* What you need to do
Make an exact copy of the entries, and keep any pictures out of it.

-=-=-=-=-

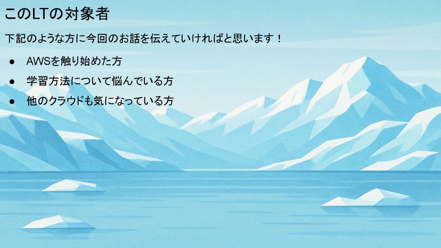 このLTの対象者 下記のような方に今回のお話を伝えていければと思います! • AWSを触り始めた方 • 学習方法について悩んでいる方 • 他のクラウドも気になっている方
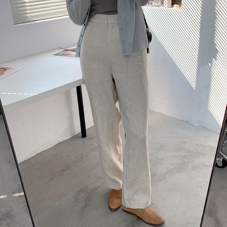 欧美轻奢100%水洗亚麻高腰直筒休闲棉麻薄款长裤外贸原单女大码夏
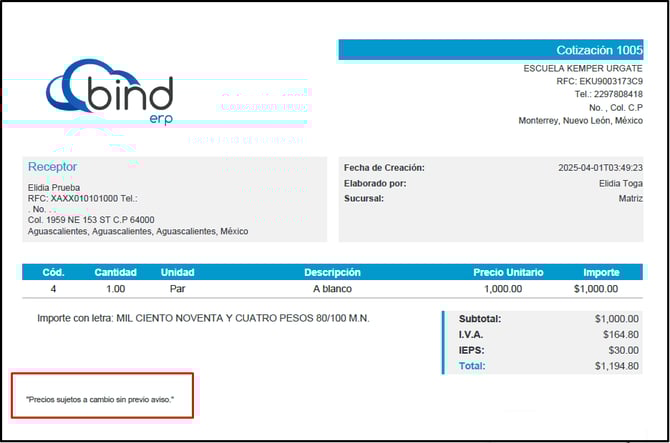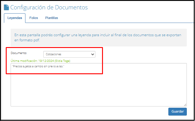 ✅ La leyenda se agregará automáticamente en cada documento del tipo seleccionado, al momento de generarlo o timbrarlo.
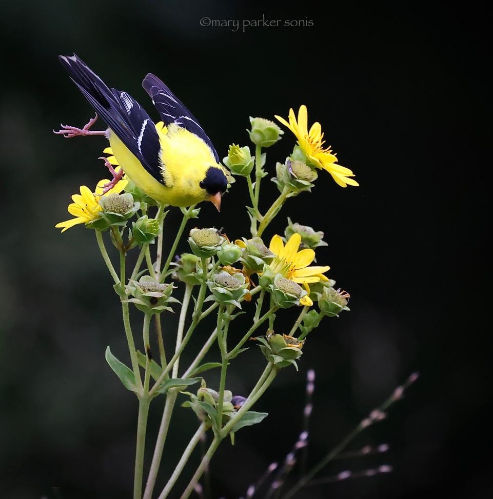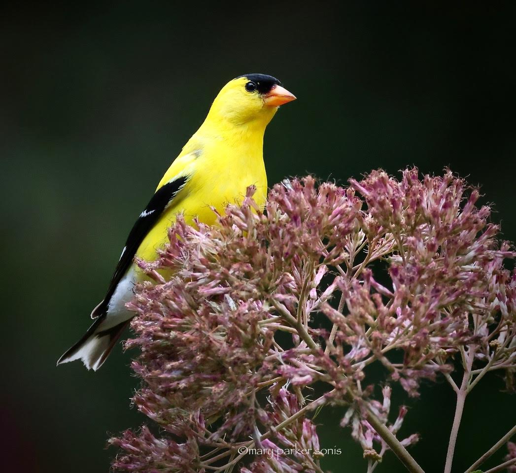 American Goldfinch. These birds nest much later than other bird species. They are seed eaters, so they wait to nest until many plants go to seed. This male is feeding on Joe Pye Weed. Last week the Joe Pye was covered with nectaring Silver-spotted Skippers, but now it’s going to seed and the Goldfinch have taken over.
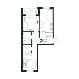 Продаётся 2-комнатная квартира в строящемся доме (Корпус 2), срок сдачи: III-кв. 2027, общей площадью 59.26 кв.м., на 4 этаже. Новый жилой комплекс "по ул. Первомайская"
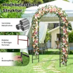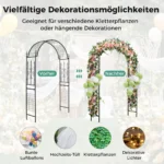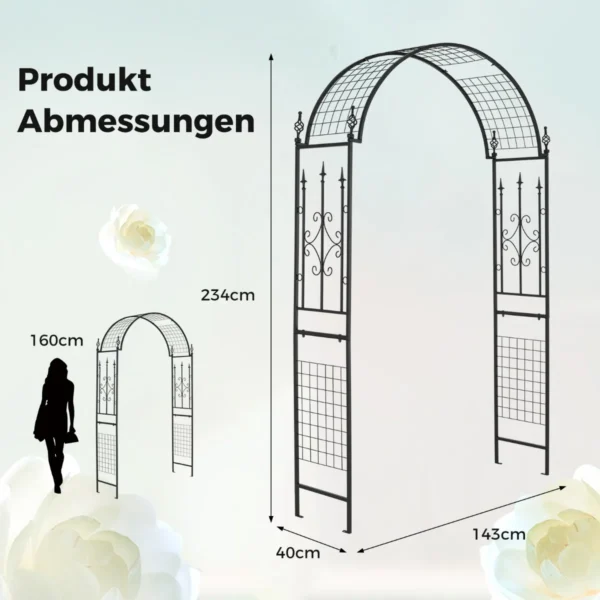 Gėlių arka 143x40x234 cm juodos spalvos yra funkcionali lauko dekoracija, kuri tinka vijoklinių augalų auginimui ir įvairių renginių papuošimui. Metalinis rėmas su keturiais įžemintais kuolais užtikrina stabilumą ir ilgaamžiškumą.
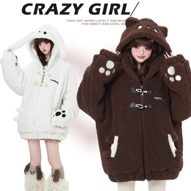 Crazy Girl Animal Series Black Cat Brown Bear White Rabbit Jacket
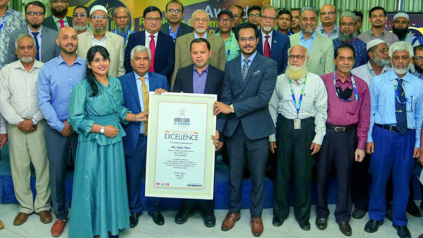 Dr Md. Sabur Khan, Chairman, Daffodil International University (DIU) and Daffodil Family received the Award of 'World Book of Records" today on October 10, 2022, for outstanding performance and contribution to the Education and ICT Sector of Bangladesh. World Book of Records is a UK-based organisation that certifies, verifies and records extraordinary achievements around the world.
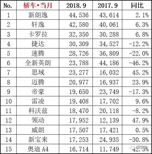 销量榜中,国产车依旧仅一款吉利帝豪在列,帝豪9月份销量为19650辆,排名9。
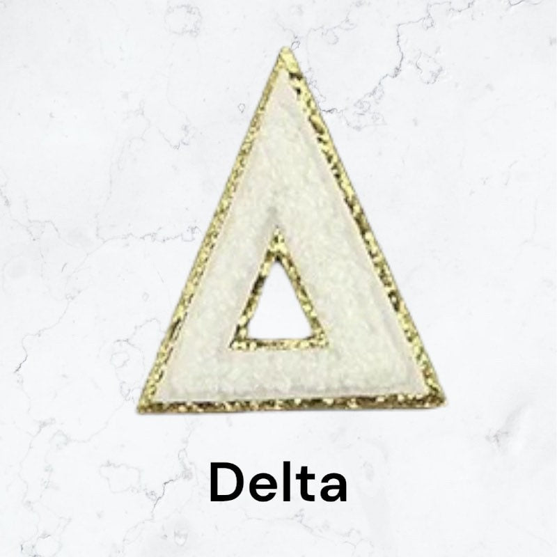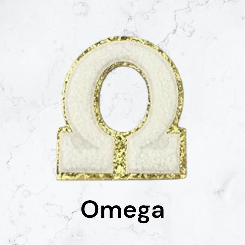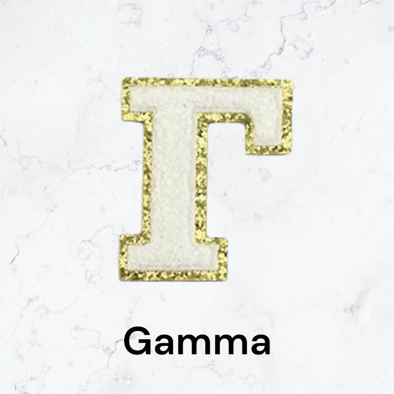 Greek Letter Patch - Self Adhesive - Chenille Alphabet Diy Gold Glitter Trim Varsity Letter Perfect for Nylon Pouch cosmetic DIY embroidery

-=-=-=-=-

* Worked solution
 このLTの対象者 下記のような方に今回のお話を伝えていければと思います! • AWSを触り始めた方 • 学習方法について悩んでいる方 • 他のクラウドも気になっている方
 欧美轻奢100%水洗亚麻高腰直筒休闲棉麻薄款长裤外贸原单女大码夏
 ✅ La leyenda se agregará automáticamente en cada documento del tipo seleccionado, al momento de generarlo o timbrarlo.
 American Goldfinch. These birds nest much later than other bird species. They are seed eaters, so they wait to nest until many plants go to seed. This male is feeding on Joe Pye Weed. Last week the Joe Pye was covered with nectaring Silver-spotted Skippers, but now it’s going to seed and the Goldfinch have taken over.
 Продаётся 2-комнатная квартира в строящемся доме (Корпус 2), срок сдачи: III-кв. 2027, общей площадью 59.26 кв.м., на 4 этаже. Новый жилой комплекс "по ул. Первомайская"
 Gėlių arka 143x40x234 cm juodos spalvos yra funkcionali lauko dekoracija, kuri tinka vijoklinių augalų auginimui ir įvairių renginių papuošimui. Metalinis rėmas su keturiais įžemintais kuolais užtikrina stabilumą ir ilgaamžiškumą.
 Crazy Girl Animal Series Black Cat Brown Bear White Rabbit Jacket
 Dr Md. Sabur Khan, Chairman, Daffodil International University (DIU) and Daffodil Family received the Award of 'World Book of Records" today on October 10, 2022, for outstanding performance and contribution to the Education and ICT Sector of Bangladesh. World Book of Records is a UK-based organisation that certifies, verifies and records extraordinary achievements around the world.
 销量榜中,国产车依旧仅一款吉利帝豪在列,帝豪9月份销量为19650辆,排名9。
 Greek Letter Patch - Self Adhesive - Chenille Alphabet Diy Gold Glitter Trim Varsity Letter Perfect for Nylon Pouch cosmetic DIY embroidery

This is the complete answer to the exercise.